<<<<

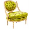 Каркас кресла вырезан вручную из дорогостоящего лиственного дерева и покрыт позолотой.
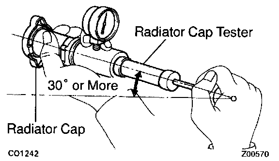 ^ When performing steps a. and b. below, keep the radiator cap tester at an angle of over 30° above the horizontal.
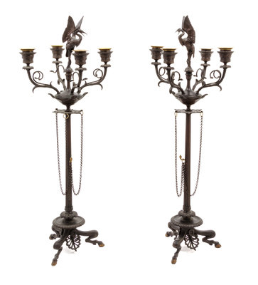 A Pair of Neoclassical Style Cast Metal Four-Light Candelabra
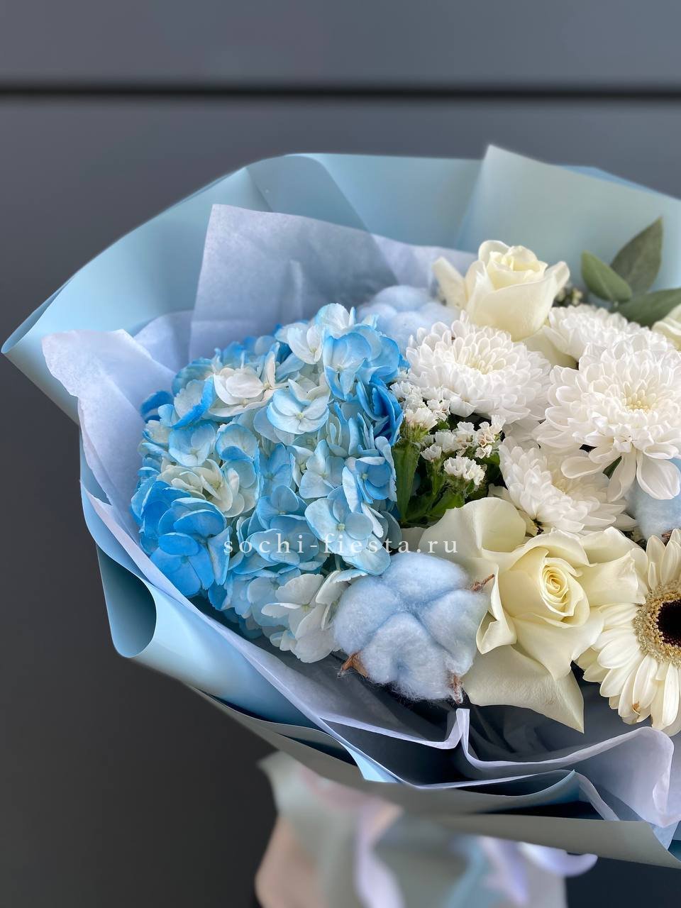 гортензия, диантус, хризантема, бомбастик, озатамус, пленка.
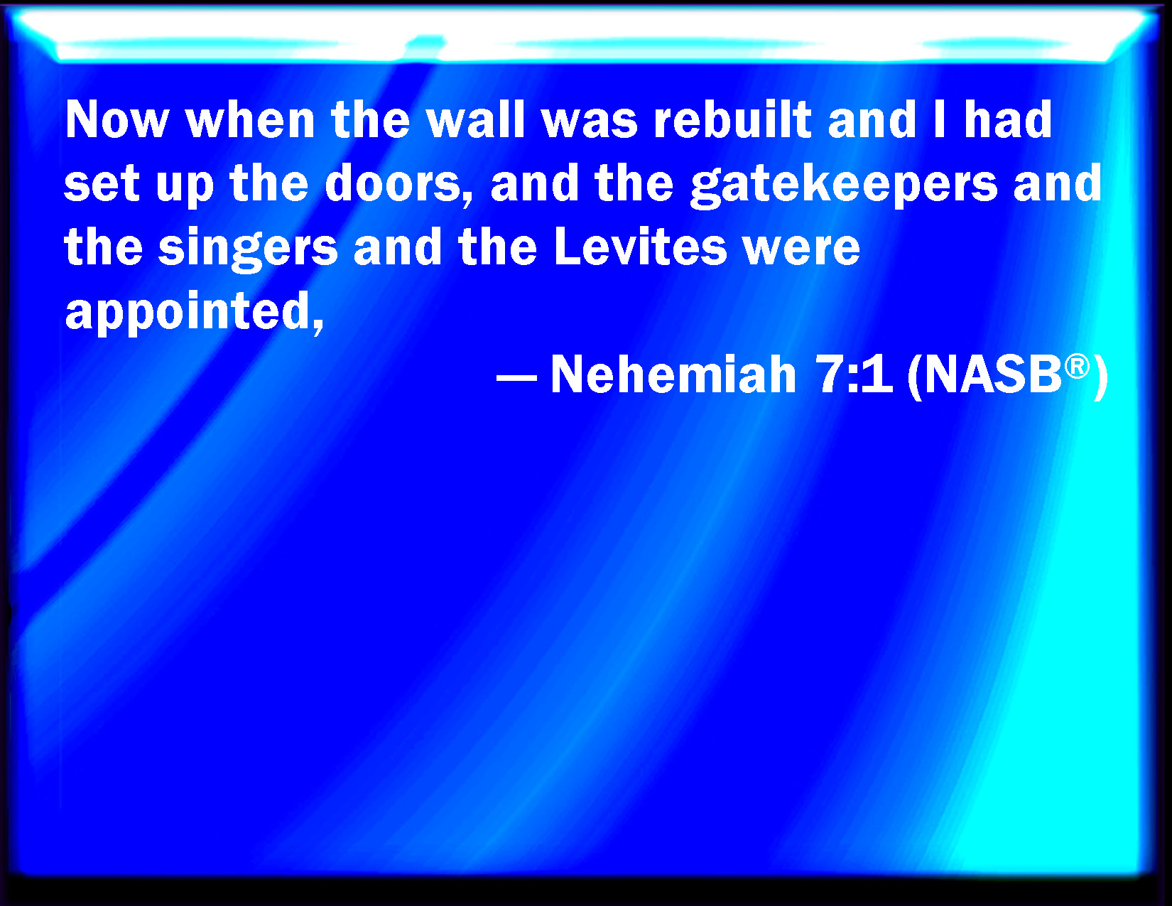 Bible Verse Slide Nehemiah 7:1 Now it came to pass, when the wall was built, and I had set up the doors, and the porters and the singers and the Levites were appointed, KJV: Now it came to pass, when the wall was built, and I had set up the doors, and the porters and the singers and the Levites were appointed, DRB: Now after the wall was built, and I had set up the doors, and numbered the porters and singing men, and Levites: DBT: And it came to pass when the wall was built, and I had set up the doors, that the doorkeepers and the singers and the Levites were appointed. ERV: Now it came to pass, when the wall was built, and I had set up the doors, and the porters and the singers and the Levites were appointed, WBT: Now it came to pass, when the wall was built, and I had set up the doors, and the porters and the singers and the Levites were appointed, WEB: Now it happened, when the wall was built, and I had set up the doors, and the porters and the singers and the Levites were appointed, YLT: And it cometh to pass, when the wall hath been built, that I set up the doors, and the gatekeepers are appointed, and the singers, and the Levites,Links Nehemiah 7:1 NIV • Nehemiah 7:1 NLT • Nehemiah 7:1 ESV • Nehemiah 7:1 NASB • Nehemiah 7:1 KJV • Nehemiah 7:1 Interlinear • Nehemiah 7:1 Commentaries • Nehemiah 7:1 Parallel Texts • Nehemiah 7:1 Bible Apps • Nehemiah 7:1 Parallel • Bible Hub |

>>>>

## What the exercise asks
Restate the listing above word for word, and skip the pictures.

## Response to this task
 Каркас кресла вырезан вручную из дорогостоящего лиственного дерева и покрыт позолотой.
 ^ When performing steps a. and b. below, keep the radiator cap tester at an angle of over 30° above the horizontal.
 A Pair of Neoclassical Style Cast Metal Four-Light Candelabra
 гортензия, диантус, хризантема, бомбастик, озатамус, пленка.
 Bible Verse Slide Nehemiah 7:1 Now it came to pass, when the wall was built, and I had set up the doors, and the porters and the singers and the Levites were appointed, KJV: Now it came to pass, when the wall was built, and I had set up the doors, and the porters and the singers and the Levites were appointed, DRB: Now after the wall was built, and I had set up the doors, and numbered the porters and singing men, and Levites: DBT: And it came to pass when the wall was built, and I had set up the doors, that the doorkeepers and the singers and the Levites were appointed. ERV: Now it came to pass, when the wall was built, and I had set up the doors, and the porters and the singers and the Levites were appointed, WBT: Now it came to pass, when the wall was built, and I had set up the doors, and the porters and the singers and the Levites were appointed, WEB: Now it happened, when the wall was built, and I had set up the doors, and the porters and the singers and the Levites were appointed, YLT: And it cometh to pass, when the wall hath been built, that I set up the doors, and the gatekeepers are appointed, and the singers, and the Levites,Links Nehemiah 7:1 NIV • Nehemiah 7:1 NLT • Nehemiah 7:1 ESV • Nehemiah 7:1 NASB • Nehemiah 7:1 KJV • Nehemiah 7:1 Interlinear • Nehemiah 7:1 Commentaries • Nehemiah 7:1 Parallel Texts • Nehemiah 7:1 Bible Apps • Nehemiah 7:1 Parallel • Bible Hub |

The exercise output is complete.